While the average cost of treating lung cancer, which stands at RM64,884, is considerably higher than the cost of treating the other two diseases, Dr Syed Mohamed emphasised that it is COPD that places a greater burden on the MOH’s resources. 

This is due to the lifespan of the patient, as those diagnosed with lung cancer tend to succumb to the disease more rapidly and require less treatment. In contrast, COPD patients have a similar lifespan to that of a healthy individual, which results in longer treatment periods and higher costs.

“The problem is COPD. Their life span is almost the same as the lifespan of other people. So, every year, every episode of treatment, if they enter into the hospital, maybe they are forced to go in three, four times a year, it costs about RM50,000. 

“And if we look there at the final column, that is the provider’s cost. Meaning, the government has to pay for it. If we look at ischemic heart disease, 93.7 per cent is borne by the government, only 3 per cent by the public. Next, lung cancer, 81.6 per cent, and COPD, 60.4 per cent. 

“So, the burden is actually on the government. When we extrapolate this study and look at current conditions, as a whole, if we combine all three of these diseases, at the very least, for one year, we would have spent on average RM4.5 billion a year. That is together with 0.3 per cent of our GDP (gross domestic product). 

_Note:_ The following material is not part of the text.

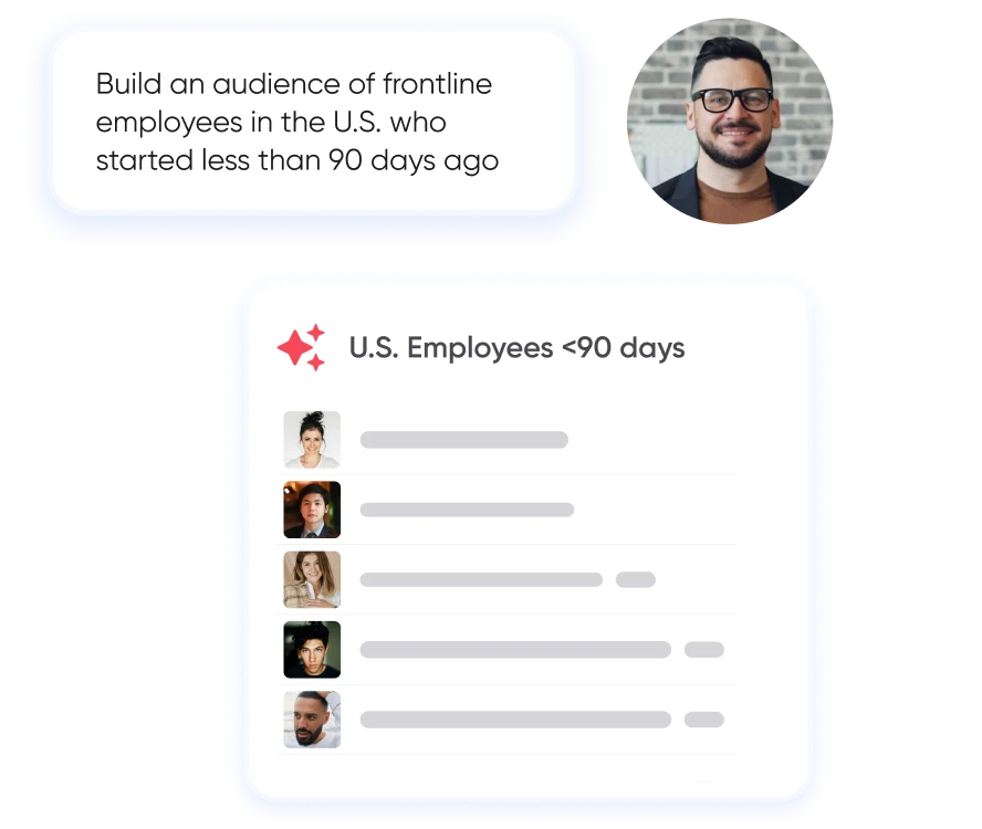 Every employee doesn't need every message. But figuring out exactly who needs what shouldn't take longer than creating the content itself. Imagine a partner who already knew your workforce inside and out and could build the perfect segment the moment you described it? That's Firstup AI Audience Builder. You define the intent. Firstup AI handles the complex targeting.
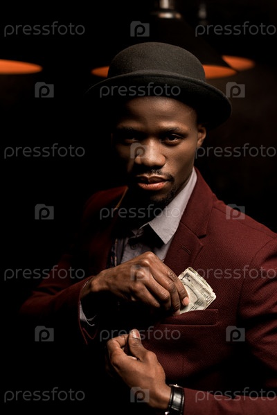 Красивый стильный афро-американский мужчина в темной комнате

“Or if they seek treatment from the ministry using the MOH budget, 12 per cent of the budget will be used to treat these patients, and around 7 per cent of the total health expenditure. This is very significant, and we are seeing these three diseases only. What about the other diseases? There are many other cancers that involve vaping and smoking.”

Dr Syed Mohamed further highlighted that the cost of treating a single episode of e-cigarette or vaping use-associated lung injury (EVALI) is nearly RM150,000.

“This is the estimate that is done per episode that will come every year, or every six months, probably. For popcorn lung, or bronchiolitis obliterans, we do not yet know how much it will cost. If it requires [a] lung ventilator and so on, the cost will increase. In one episode, the treatment [can go up to] RM30,000 to RM60,000, and remember that in our country, the majority of the cost is borne by the government.

“Almost 80 to 90 per cent of the cost is borne by the government, meaning it is borne by us. [It] is given to the citizens through the tax we pay and so on.”

According to Dr Syed Mohamed, who cited the Assessment of Association Between Smoking and All-Cause Mortality Among Malaysian Adult Population study, Malaysia has a daily smoking prevalence of 21 per cent.

Of this percentage, 39.1 per cent are male and 2.1 per cent are female. The study conducted a follow-up on participants and found that out of 213 deaths from all causes, 68 were among smokers and 452 were among non-smokers. The study concluded that daily smoking significantly increases the risk of all-cause death.

Dr Syed Mohamed held that Malaysia loses approximately 20,000 people annually due to smoking.